Your assignment: Give the listing again, word for word, and let no picture into it.

Available data:
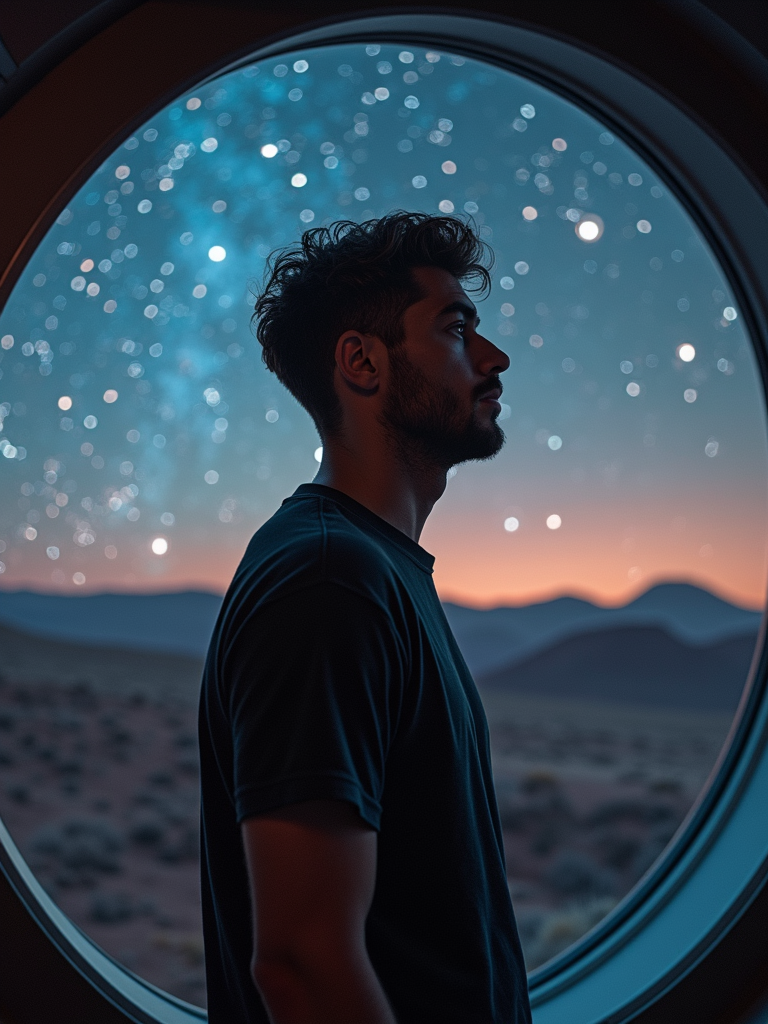 model inside indoor Space Observatory on Mars. only stars visible in ceiling glass at night. model wearing casual clothes.
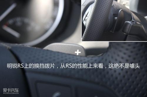 明銳RS采用了新的方向盤設計,廠商為RS車型搭載了一款全新的三幅方向盤,而除了由四幅變為三幅外,像多功能按鍵、鍍鉻裝飾件等都沒有變化。另外,作為運動車型,RS在方向盤后配備了換擋撥片。
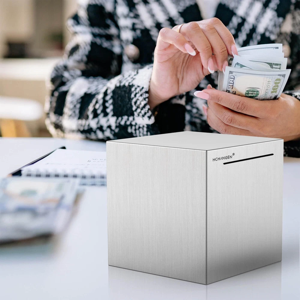 Unbreakable design: Made from high-quality stainless steel, this Metal Money Bank is virtually unbreakable, ensuring that your savings are always safe and secure. Perfect as an Adults Piggy Bank Convenient size: Measuring 4.72 inches, this sleek and stylish Stainless Steel Piggy Bank is the perfect size for any desk or nightstand, making it easy to store your savings and keep them close at hand Must break-to-open feature: When you're ready to access your savings, simply break open the Metal Money Bank and enjoy the fruits of your labor. This unique feature makes it a must-have Stainless Steel Piggy Bank Suitable for all ages: Whether you're an adult looking to save for a special purchase or a child learning about the value of money, this Adults Piggy Bank is an excellent tool to help you stay on track. With its stylish design, this Metal Money Bank is perfect for everyone Great gifts idea: With its durable construction and sleek design, the HCHANGEN Piggy Bank for Adults makes for a thoughtful and practical gift for any occasion. This Stainless Steel Piggy Bank is the perfect gift for your loved ones
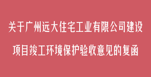 关于广州远大住宅工业有限公司建设项目竣工环境保护验收意见的复函
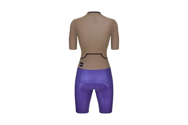 SANTINI Viper představuje vrchol technologického vývoje pro triatlonistky, které usilují o špičkový výkon. Tato kombinéza s "Sleek fit" střihem disponuje prodlouženými rukávy a nohavicemi, což výrazně snižuje odpor vzduchu během cyklistické části. Materiály byly pečlivě testovány ve větrném tunelu, aby zajistily co nejhladší proudění vzduchu. Horní díl s ochranou UPF50+ chrání pokožku před intenzivním sluncem, zatímco lepené lemy rukávů dokonale přilnou k paži bez nepříjemného tření. Šortky z kompresní tkaniny s neupraveným zakončením (raw-cut) podporují svalovou regeneraci a díky vnějšímu protiskluzovému gripu v rozkroku zajišťují stabilní pozici v sedle. O maximální pohodlí se stará specifická triatlonová vložka IMG s technologií Tower Gel Core, která exceluje v tlumení nárazů na kole, ale nijak nepřekáží při plavání ani běhu.
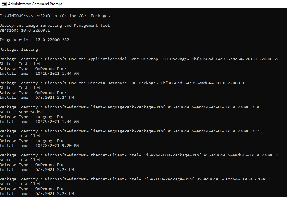 「パッケージ名」という単語を実際のパッケージ名(パッケージID)に置き換えてください。Windowsからコマンドプロンプトを使用している場合は、/Image:Cを使用するすべてのコマンドに/Onlineパラメータを使用する必要があります。
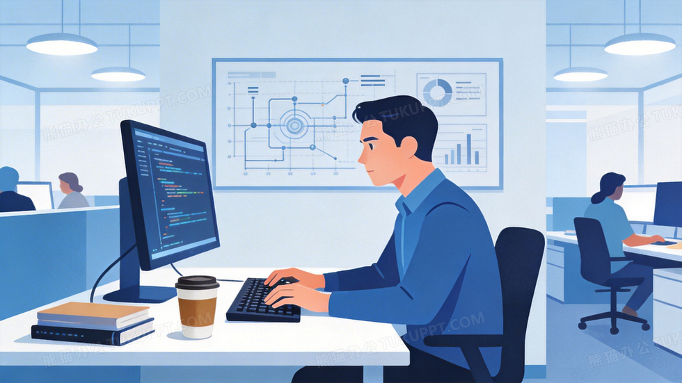 本作品内容为蓝白简约风程序员办公插画, 格式为 jpg, 大小1 MB, 图片尺寸为2560 x 1440, 源文件无水印, 欢迎使用熊猫办公。 如认为平台内容涉嫌侵权,可通过邮件:tousu@tukuppt.com提出书面通知,我们将及时处理。

Task answer:
 model inside indoor Space Observatory on Mars. only stars visible in ceiling glass at night. model wearing casual clothes.
 明銳RS采用了新的方向盤設計,廠商為RS車型搭載了一款全新的三幅方向盤,而除了由四幅變為三幅外,像多功能按鍵、鍍鉻裝飾件等都沒有變化。另外,作為運動車型,RS在方向盤后配備了換擋撥片。
 Unbreakable design: Made from high-quality stainless steel, this Metal Money Bank is virtually unbreakable, ensuring that your savings are always safe and secure. Perfect as an Adults Piggy Bank Convenient size: Measuring 4.72 inches, this sleek and stylish Stainless Steel Piggy Bank is the perfect size for any desk or nightstand, making it easy to store your savings and keep them close at hand Must break-to-open feature: When you're ready to access your savings, simply break open the Metal Money Bank and enjoy the fruits of your labor. This unique feature makes it a must-have Stainless Steel Piggy Bank Suitable for all ages: Whether you're an adult looking to save for a special purchase or a child learning about the value of money, this Adults Piggy Bank is an excellent tool to help you stay on track. With its stylish design, this Metal Money Bank is perfect for everyone Great gifts idea: With its durable construction and sleek design, the HCHANGEN Piggy Bank for Adults makes for a thoughtful and practical gift for any occasion. This Stainless Steel Piggy Bank is the perfect gift for your loved ones
 关于广州远大住宅工业有限公司建设项目竣工环境保护验收意见的复函
 SANTINI Viper představuje vrchol technologického vývoje pro triatlonistky, které usilují o špičkový výkon. Tato kombinéza s "Sleek fit" střihem disponuje prodlouženými rukávy a nohavicemi, což výrazně snižuje odpor vzduchu během cyklistické části. Materiály byly pečlivě testovány ve větrném tunelu, aby zajistily co nejhladší proudění vzduchu. Horní díl s ochranou UPF50+ chrání pokožku před intenzivním sluncem, zatímco lepené lemy rukávů dokonale přilnou k paži bez nepříjemného tření. Šortky z kompresní tkaniny s neupraveným zakončením (raw-cut) podporují svalovou regeneraci a díky vnějšímu protiskluzovému gripu v rozkroku zajišťují stabilní pozici v sedle. O maximální pohodlí se stará specifická triatlonová vložka IMG s technologií Tower Gel Core, která exceluje v tlumení nárazů na kole, ale nijak nepřekáží při plavání ani běhu.
 「パッケージ名」という単語を実際のパッケージ名(パッケージID)に置き換えてください。Windowsからコマンドプロンプトを使用している場合は、/Image:Cを使用するすべてのコマンドに/Onlineパラメータを使用する必要があります。
 本作品内容为蓝白简约风程序员办公插画, 格式为 jpg, 大小1 MB, 图片尺寸为2560 x 1440, 源文件无水印, 欢迎使用熊猫办公。 如认为平台内容涉嫌侵权,可通过邮件:tousu@tukuppt.com提出书面通知,我们将及时处理。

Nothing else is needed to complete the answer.